(Recorded information begins)

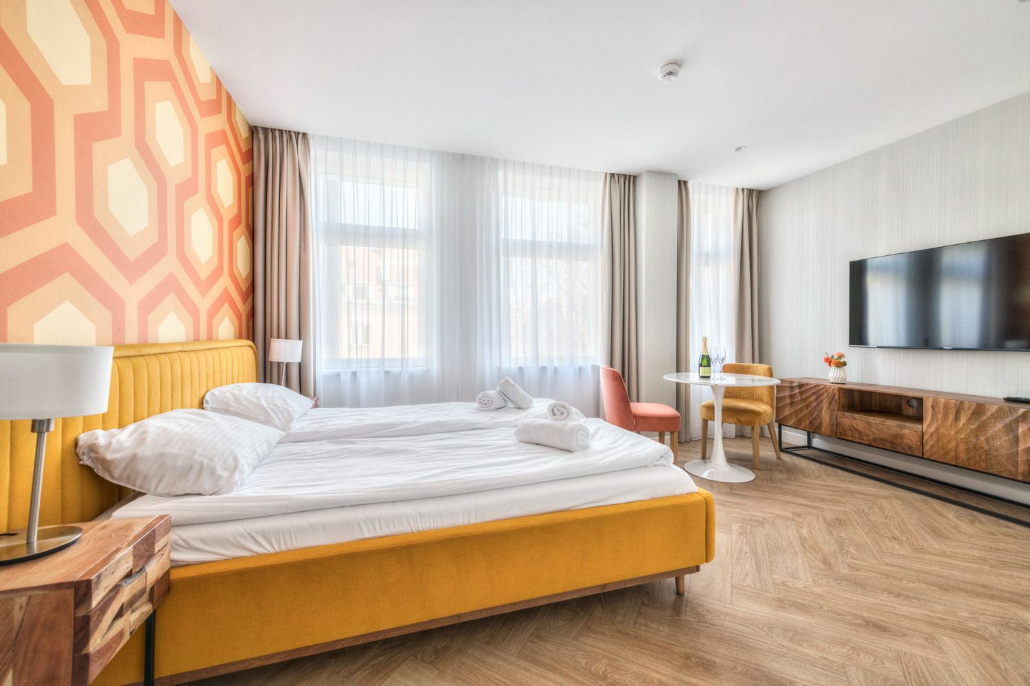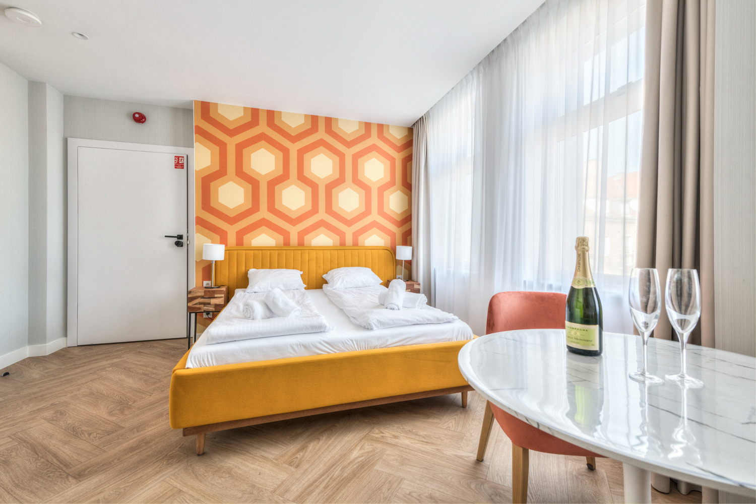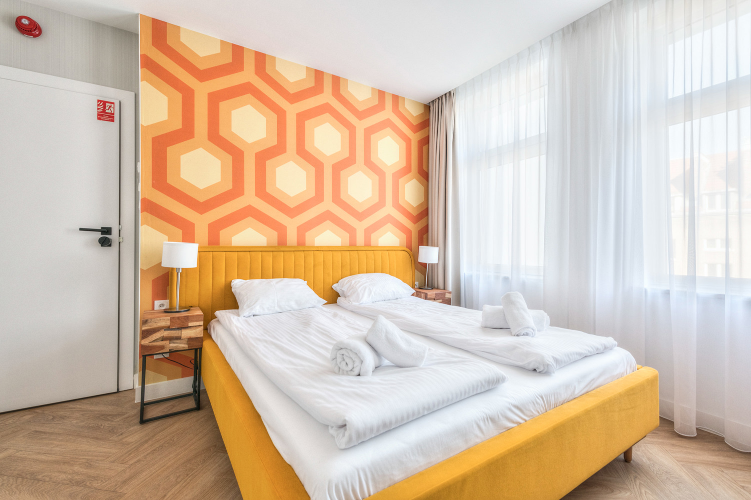 Retro Boutique 6 to jasny, stylowy apartament typu studio dla dwóch osób, inspirowany estetyką lat 70. Ciepła kolorystyka wnętrza – musztardowe, pudroworóżowe i brzoskwiniowe akcenty – w połączeniu z geometryczną tapetą i welurowymi tkaninami tworzy unikalny, przytulny klimat.
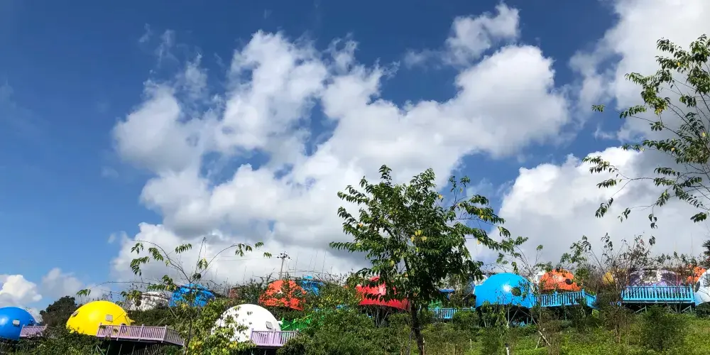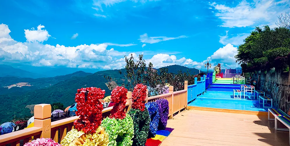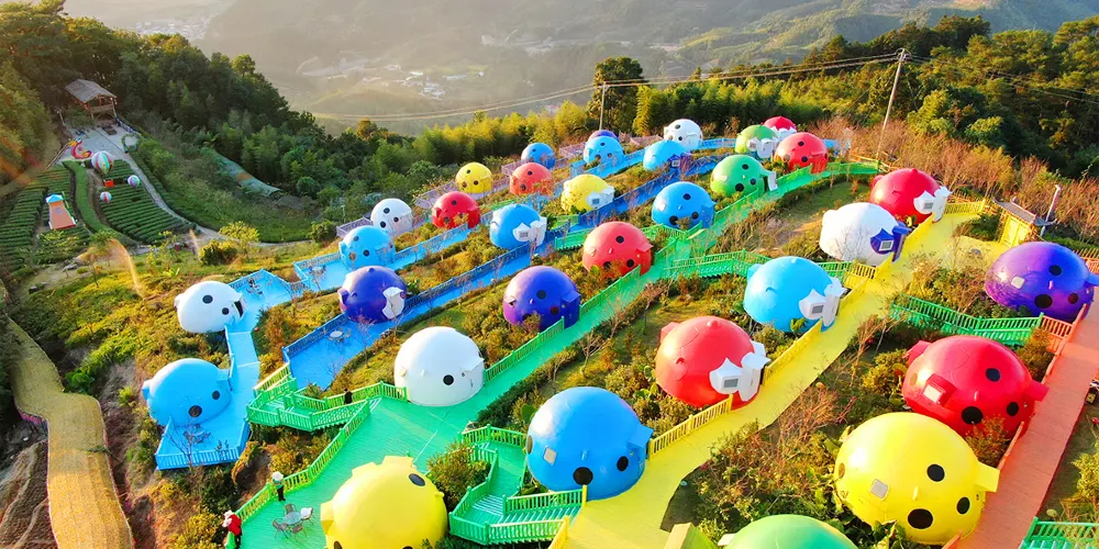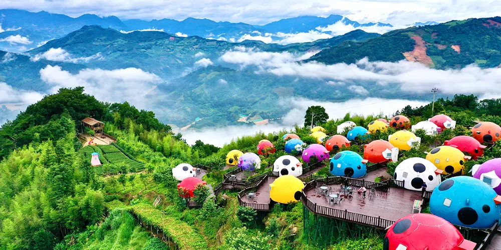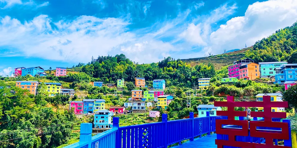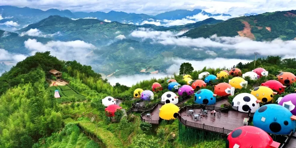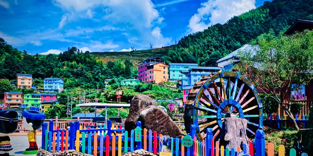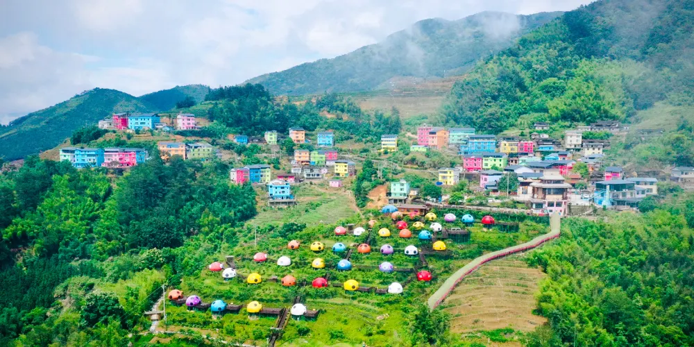 七彩官畲景區內有備受遊客青睞的七星瓢蟲屋,瓢蟲屋坐落於櫻花叢中,推開窗可見雲捲雲舒;鳳凰台每天演繹多場純粹的畲歌和原生態的畲鄉風情舞蹈;色彩斑斕的彩虹橋直通寧靜村落。喜歡拍照的遊客可在大型相框、浪漫鞦韆等多處拍照“打卡”。景區內各個角落繪有諸多畲族圖騰和彩繪。
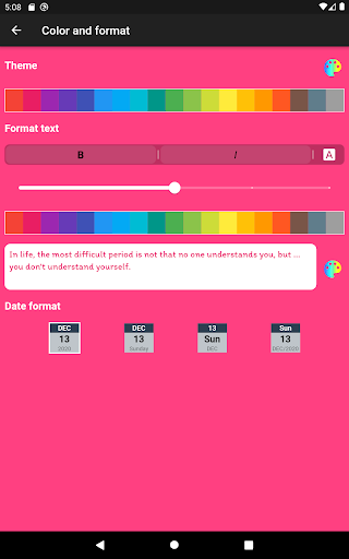 This diary app can easily fit the purpose of a writing down your memoir or chronicle. Keep a log or logbook to record history. Do like famous Anne Frank, make daily records, document life in your own daybook.
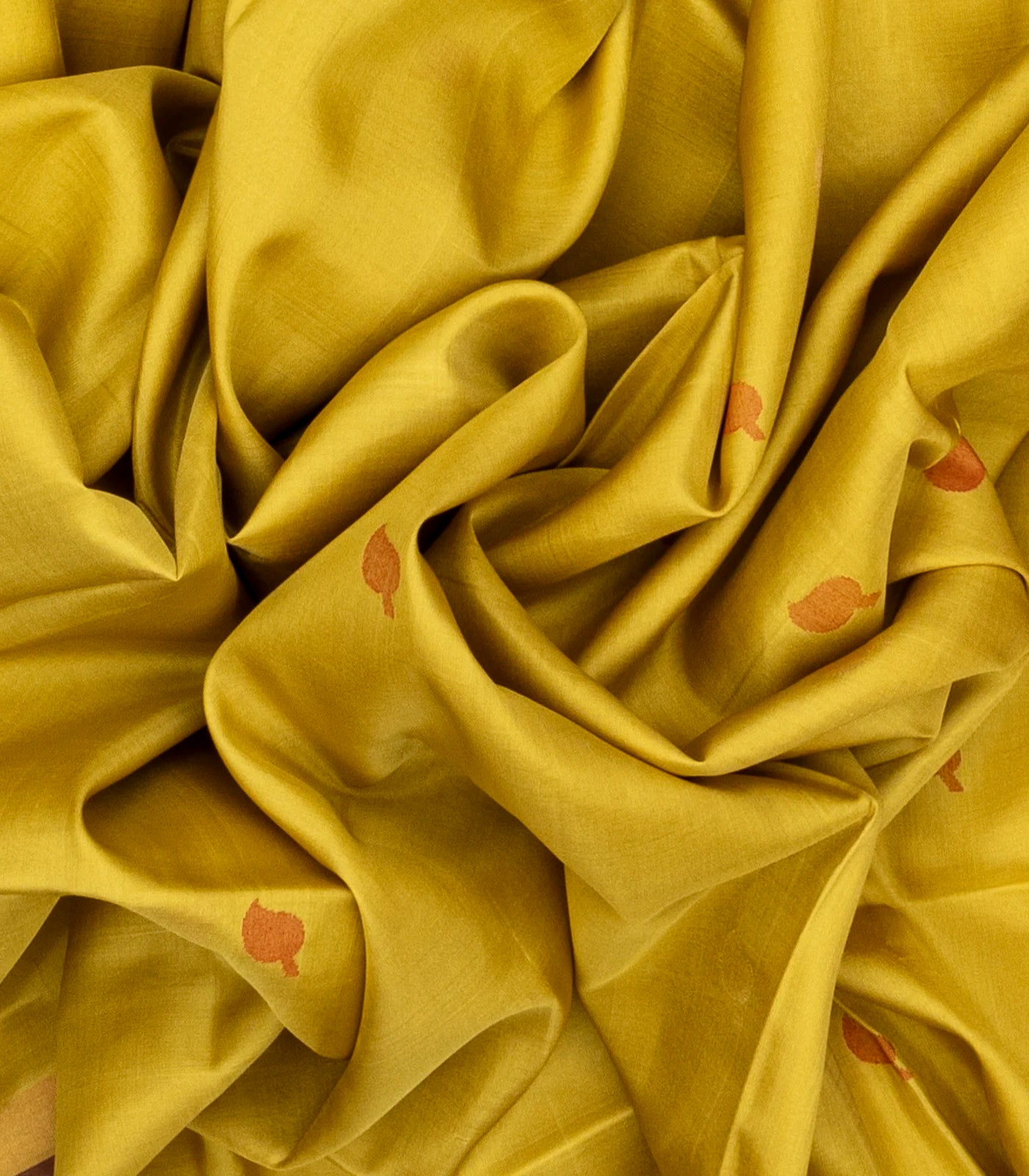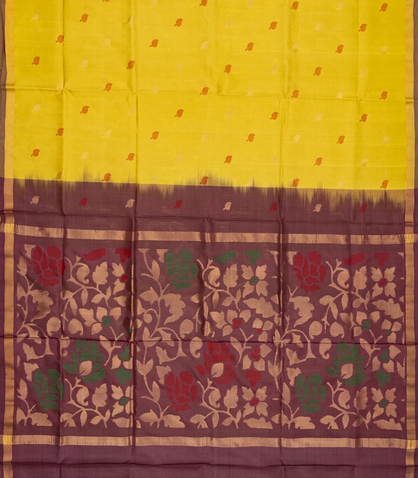 This handwoven uppada silk saree is filled with floral buttas in lemon yellow body along with zari border and maroon pallu
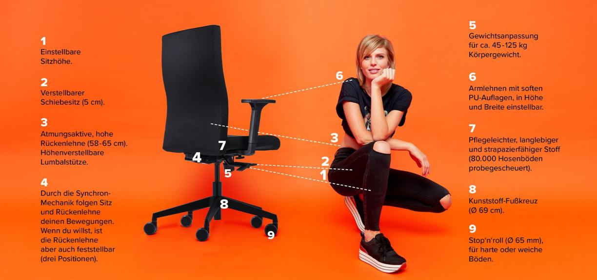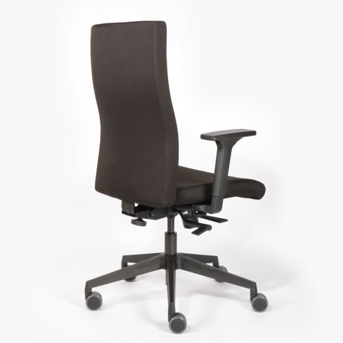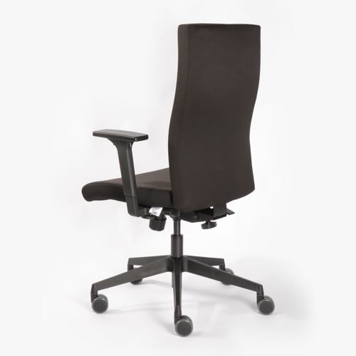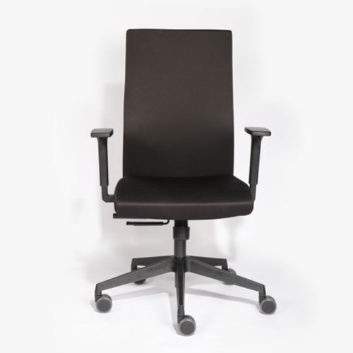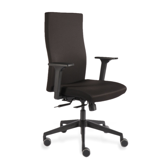Drehstuhl mit komfortabler, höhenverstellbarer Vollpolster-Rückenlehne und 2F-Armlehnen (höhen- u. breitenverstellbar). Universalrollen für alle Böden, Bezug schwarz.
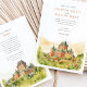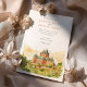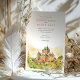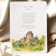 Announce your special day with this exquisite wedding invitation, featuring a stunning watercolor illustration of the iconic Château Frontenac in Québec City, Canada. The front presents the majestic castle-like hotel and the beautiful landscapes around it, rendered in a soft, romantic watercolor style. The building is surrounded by green foliage and flowering accents.
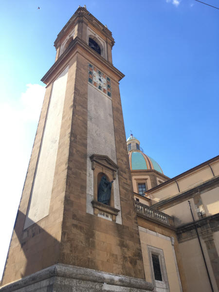 Piazza Armeria nennt sich etwas großspurig die Stadt der hundert Kirchen. Tatsächlich steht an jeder Straßenecke eine, aber insgesamt sind es angeblich nur etwas über vierzig. Und alle sind geschlossen. Vielleicht lag es an der Mittagszeit, zu der ohnehin jeder die Läden dichtmacht und die Beine hochlegt, vielleicht wollen sie aber auch keine Besucher. Die einzige unverschlossene Kirche, die wir fanden, hatte dafür ein paar menschliche Wachhunde, die uns sofort verscheuchten, als wir einen Blick hineinwerfen wollten. Nicht einmal von der Tür aus durfte man hineinsehen. Was wir dennoch verbotenerweise erblicken konnten, war wunderschön: Das gesamte Kirchenschiff inklusive Decke war mit Fresken bedeckt. Wirklich schade, dass man uns nicht wenigstens ein, zwei Minuten gegönnt hat.
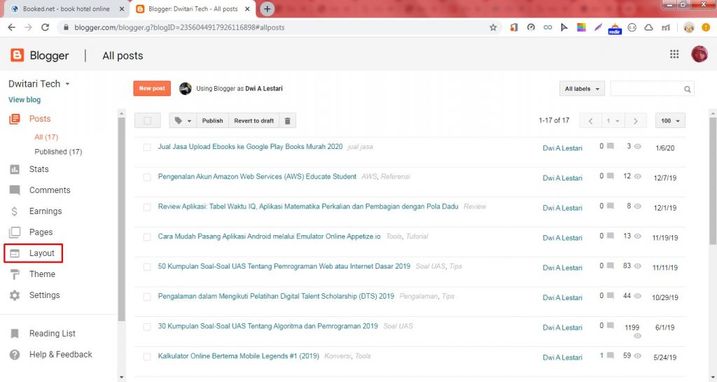 7. Klik Layout pada dashboard Blogger.
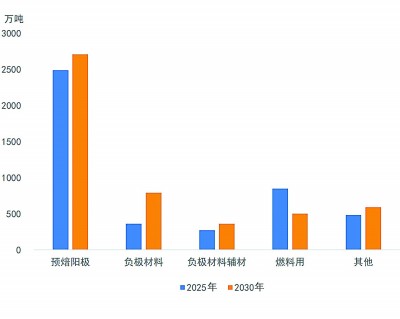 电解铝行业是石油焦最大的下游消费领域。石油焦是生产预焙阳极的核心原料,而预焙阳极则是电解铝生产的关键耗材。2025年,预焙阳极对石油焦的消费量约为2500万吨,占石油焦总消费量的51%。其中,国内自用阳极消费约2250万吨,出口阳极消费约250万吨。“十四五”期间,我国电解铝产量持续增长,2025年产量已达4502万吨,触及4500万吨的政策“天花板”。国家发展改革委等部门已明确电解铝产能上限,并引导行业向再生铝利用、低碳化产能置换转型。预计国内电解铝行业将难以为石油焦需求带来增量,未来需求增长主要依赖出口。预计到2030年,预焙阳极对石油焦的消费量将达2710万吨,年均增长约2%。国内电解铝行业预计将转向结构优化与高质量发展,产品质量、技术优势与节能降碳能力将成为企业核心竞争要素,驱动阳极用石油焦原料低硫、低钒、低排放等高性能指标持续提升。
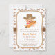 Yeehaw! Este convite tem um bebé bonito vestir um chapéu de vaqueiro com ícone da estrela e afagar um brinquedo alaranjado ingualmente adorável do travesseiro do ralo do cavalo do tan do marrom. Fundo do teste padrão branco e marrom do animal do impressão da pele da vaca. Um golpe, convite bonito a convida convidados para esses temas ocidentais e de Texas do chá de fraldas! Personalize com detalhes do partido entre o espaço disponível.
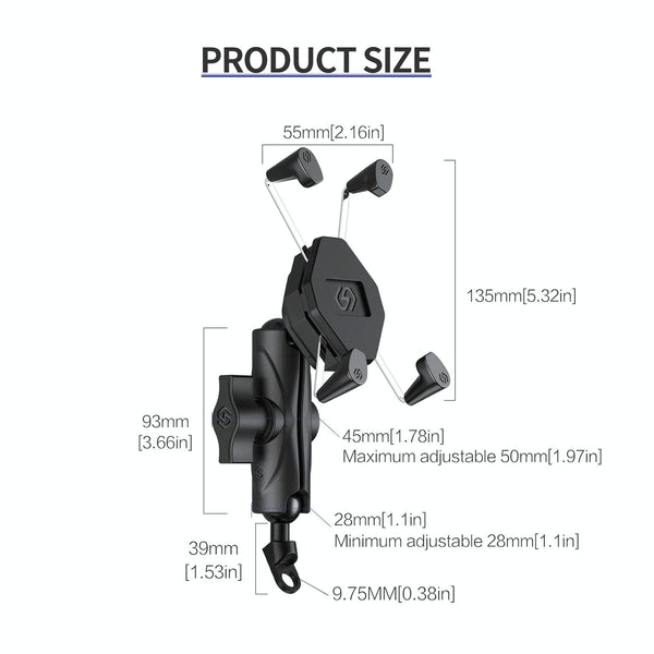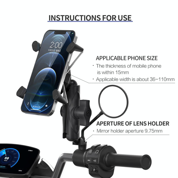 ZH-1558B1 Motorcycle Rear Mirror X-shape Aluminum Alloy Phone Holder
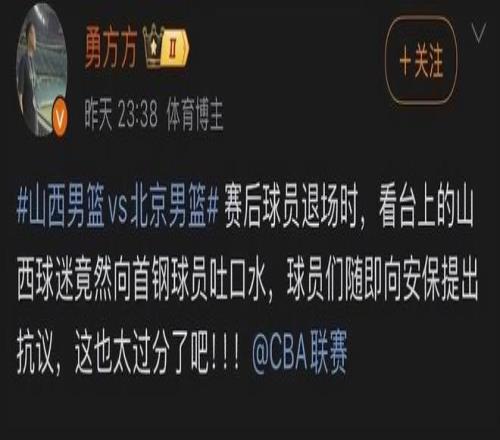 山西男篮主场和北京男篮的比赛打得非常激烈,结果是以1分之差不敌对手,遭遇了一波三连败。据北京体育记者勇方方透露,在比赛结束后北京男篮球员退场时,不仅遭到了现场球迷辱骂,更有球迷从看台上向雷蒙等球员吐口水,引发了媒体和球迷的关注。在赛后的征途国际 发布会上,雷蒙也提到了此事,他表示球队输掉了比赛,球迷骂几句发泄一下也就算了,向球员吐口水的行为就跌分儿了。
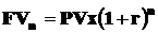 де І – сума відсотку за певний період часу; Р – початкова сума грошового внеску; n – кількість періодів, за якими здійснюється розрахунок відсоткових платежів; і – ставка відсотку, що використовується (десятичний дріб). Майбутню вартість грошей, дисконтовану по простих відсотках, визначають за формулою:
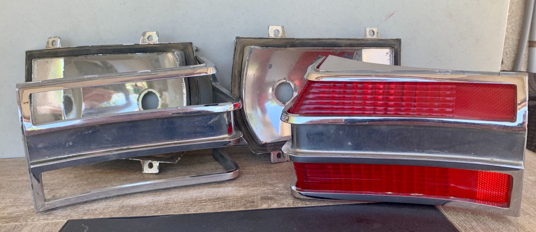 1968 Pontiac Beaumont Tail Light Chrome Trim and inner assemblies with 1 Lens rare!

(Recorded information ends)

_Exercise prompt_:
In the listing above, find the line containing "ZH-1558B1 Motorcycle Rear" and the line containing "山西男篮主场和北京男篮的比赛", then return both of them and every line between, exactly, without pictures.

_The answer_:
 ZH-1558B1 Motorcycle Rear Mirror X-shape Aluminum Alloy Phone Holder
 山西男篮主场和北京男篮的比赛打得非常激烈,结果是以1分之差不敌对手,遭遇了一波三连败。据北京体育记者勇方方透露,在比赛结束后北京男篮球员退场时,不仅遭到了现场球迷辱骂,更有球迷从看台上向雷蒙等球员吐口水,引发了媒体和球迷的关注。在赛后的征途国际 发布会上,雷蒙也提到了此事,他表示球队输掉了比赛,球迷骂几句发泄一下也就算了,向球员吐口水的行为就跌分儿了。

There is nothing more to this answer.